Parmi les ouvrages actuels proches du thème, notons "Le reengineering l'entreprise reconfigurée" de Guy Jacob, proche des classiques d'Outre-Atlantique (Hermès, 1994), ou "L'entreprise en mouvement" de Benoit Grouard et Francis Meston, moins violent que les doctrines américaines (Dunod, 1993).
Francis Gouillart (Gemini Consulting), avec "Stratégie pour une entreprise compétitive" pousse l'analyse en profondeur. Il a le mérite de situer les thèses de Hammer et Champy dans la nébuleuse des gourous américains et l'histoire de quelques grandes opérations (dont General Electric, voir article dans ce dossier). S'il est quelquefois un peu touffu, on appréciera à la fois sa fougue, son honnêteté et la richesse de sa culture.

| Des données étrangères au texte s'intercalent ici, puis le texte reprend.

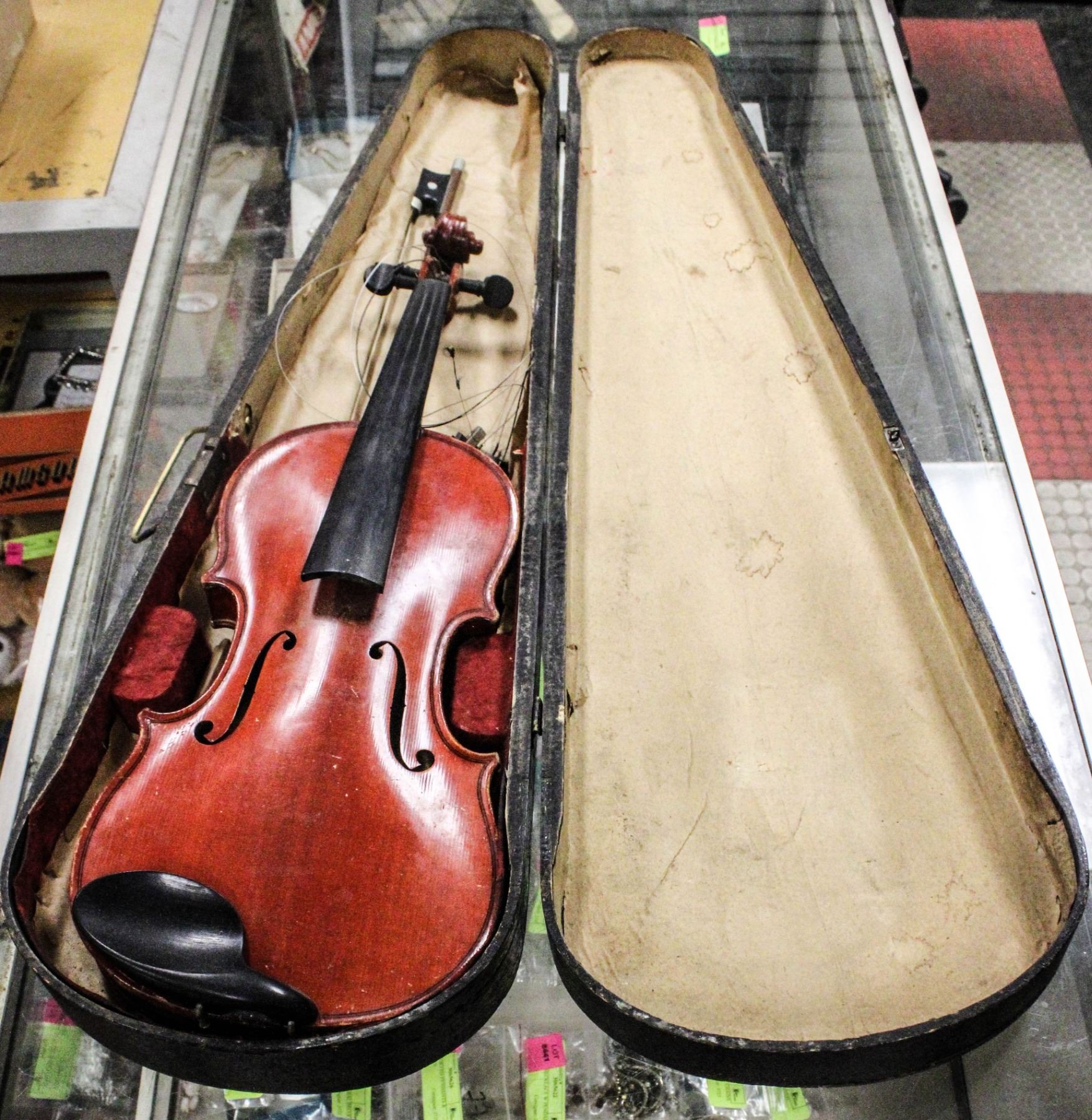 ANTIQUE VIOLIN IN WOODEN CASE FOR REPAIR

Pour mieux situer les vedettes américaines du management, on appréciera "Toutes les théories du management", de Carol Kennedy (traduction française chez Maxima, 1993), qui permettra au mieux de relativiser l'affirmation de Hammer et Champy selon lesquels personne n'a innové sérieusement entre Adam Smith et eux-mêmes. On remarquera d'ailleurs que leur livre ne comporte aucune bibliographie, et en particulier se garde bien faire référence à Charles Wiseman et à son "Informatique stratégique" (Traduction française aux Editions d'organisation, 1987), pourtant essentiel, qu'ils le veuillent ou non, au BPR.
Pour achever de retracer la genèse conceptuelle du mouvement, on lira ou relira avec plaisir "L'analyse modulaire de systèmes, AMS", de Jacques Mélèse: dès 1972, tout en parlant de chaînes plutôt que de processus, il nous conviait à une réflexion qui n'a pas trop vieilli (réédition en 1991 aux Editions d'organisation). Le mot même de processus était déjà employé par le Scom (Service central organisation et méthodes du ministère des finances dans "Etude des processus", publié au début des années 70). Mais, selon une habitude mentale qui remonte au moins au début du siècle, les Français adorent importer des Etats-Unis les idées qu'ils ont fait germer dix ou vingt ans plus tôt: le BPR ne fait pas exception.
Enfin, aux informaticiens prêts à tous les efforts pour rester "branchés", conseillons la lecture régulière de la Harvard Business Review. Ils seront aux premières loges pour découvrir le concept génial qui, bientôt, enverra au musée le bon vieux BPR.